━━ Dataset content ━━

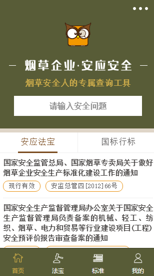 我们的小程序是用于烟草企业客户查询安全生产相关标准,
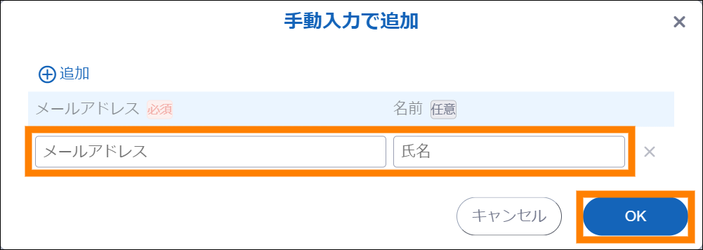 - [手動入力で追加]から参加者を追加する場合、次の画面が表示されます。メールアドレス、および名前を入力し[OK]をクリックします。
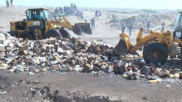 وقالت مصادر صحفية، ان عشرات الأطنان من "البقوليات وزيوت الطبخ والدقيق" منتهية الصلاحية تابعة لمنظمة الغذاء العالمي تم إتلافها في مدينة الحديدة.
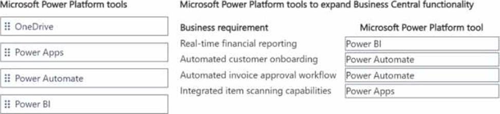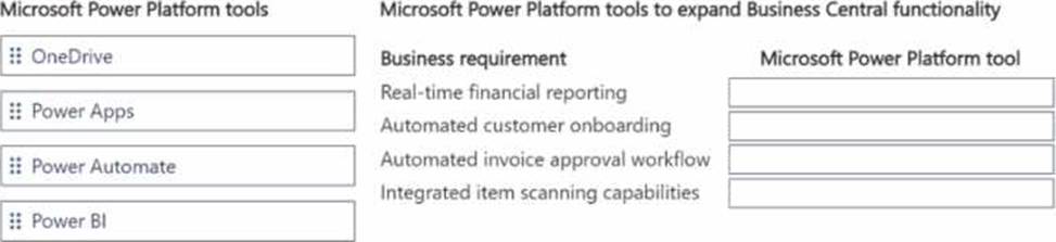 Which Microsoft Power Platform tools should you recommend? To answer, move the appropriate business Microsoft Power Platform tools to the correct requirements. You may use each Microsoft Power Platform tool once, more than once, or not at all. You may need to move the split bar between panes or scroll to view content. NOTE: Each correct selection is worth one point.
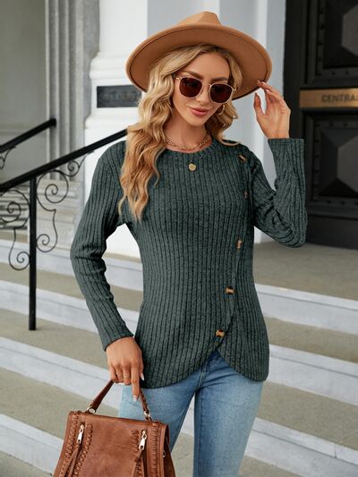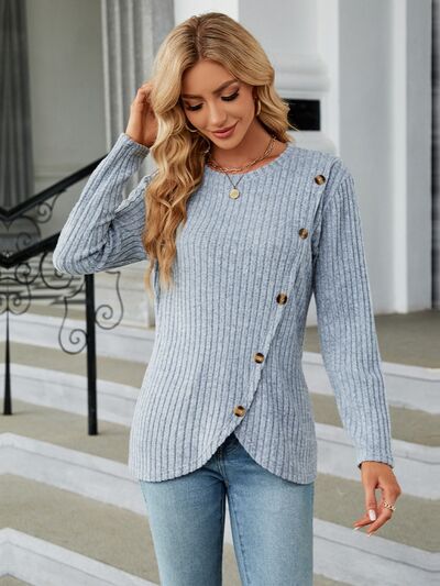 Round Neck Long Sleeve Blouse
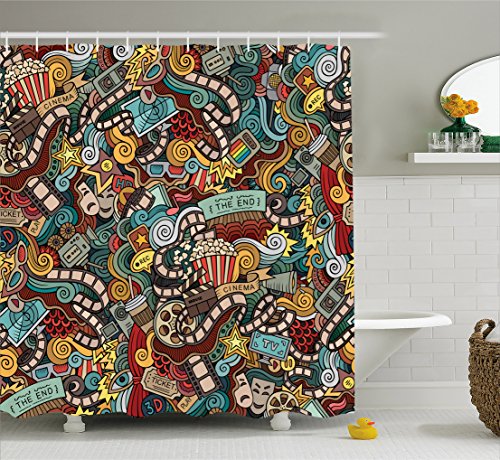 Doodle Shower Curtain by Ambesonne, Cinema Items Combined in an Abstract Style Popcorn Movie Reel The End Theatre Masks, Fabric Bathroom Decor Set with Hooks, 70 Inches, Multicolor
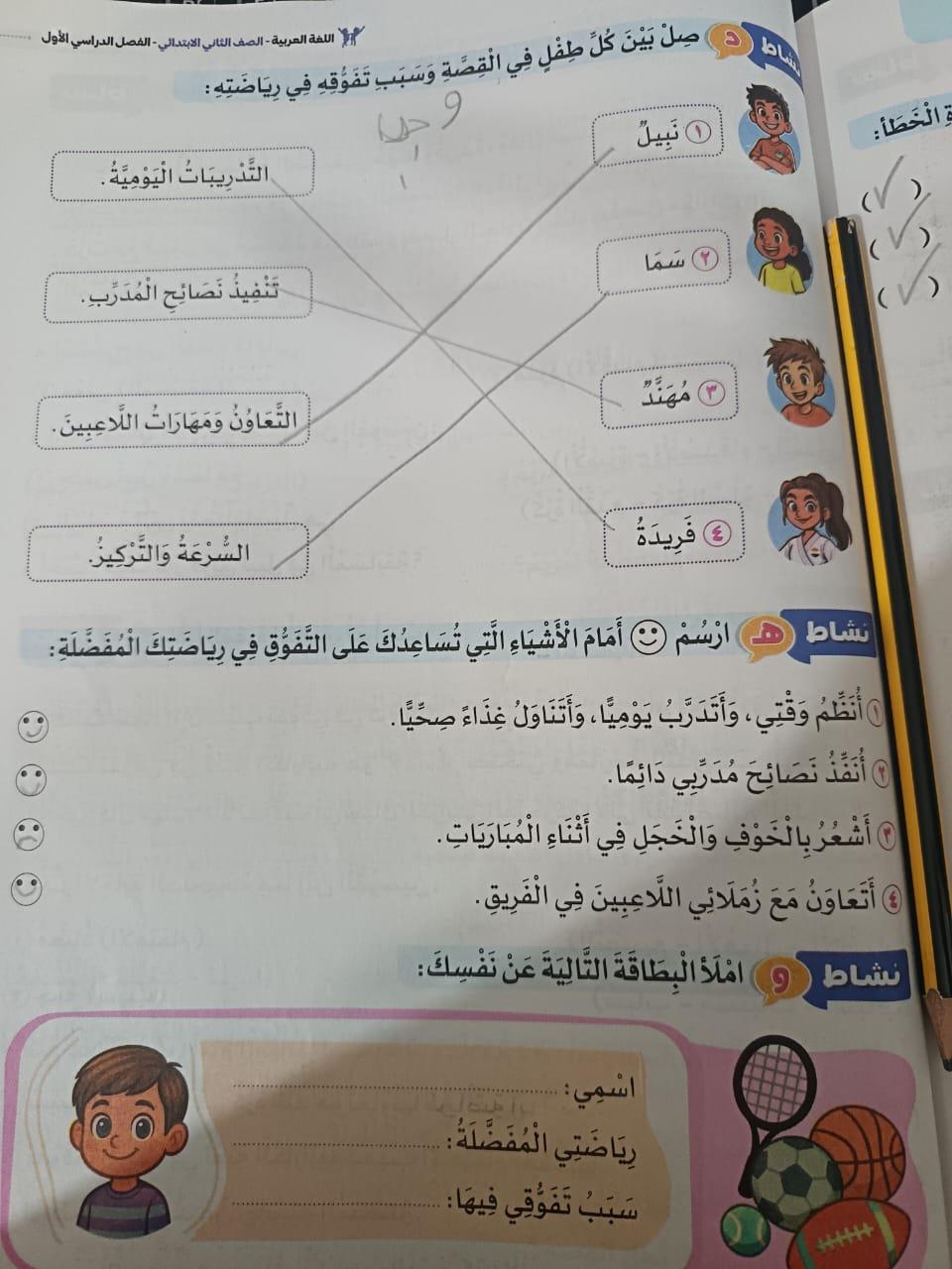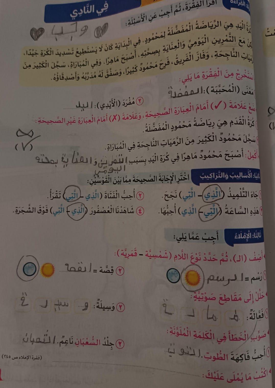 الحصة درس قي النادي + المفردات الواجب تدريبات188 الى 192

━━━

* [Directions]:
Reproduce only the lines from the first line of the entries through the line containing "وقالت مصادر صحفية،", exactly and with both ends kept. Omit the pictures.

* [Completed task]:
 我们的小程序是用于烟草企业客户查询安全生产相关标准,
 - [手動入力で追加]から参加者を追加する場合、次の画面が表示されます。メールアドレス、および名前を入力し[OK]をクリックします。
 وقالت مصادر صحفية، ان عشرات الأطنان من "البقوليات وزيوت الطبخ والدقيق" منتهية الصلاحية تابعة لمنظمة الغذاء العالمي تم إتلافها في مدينة الحديدة.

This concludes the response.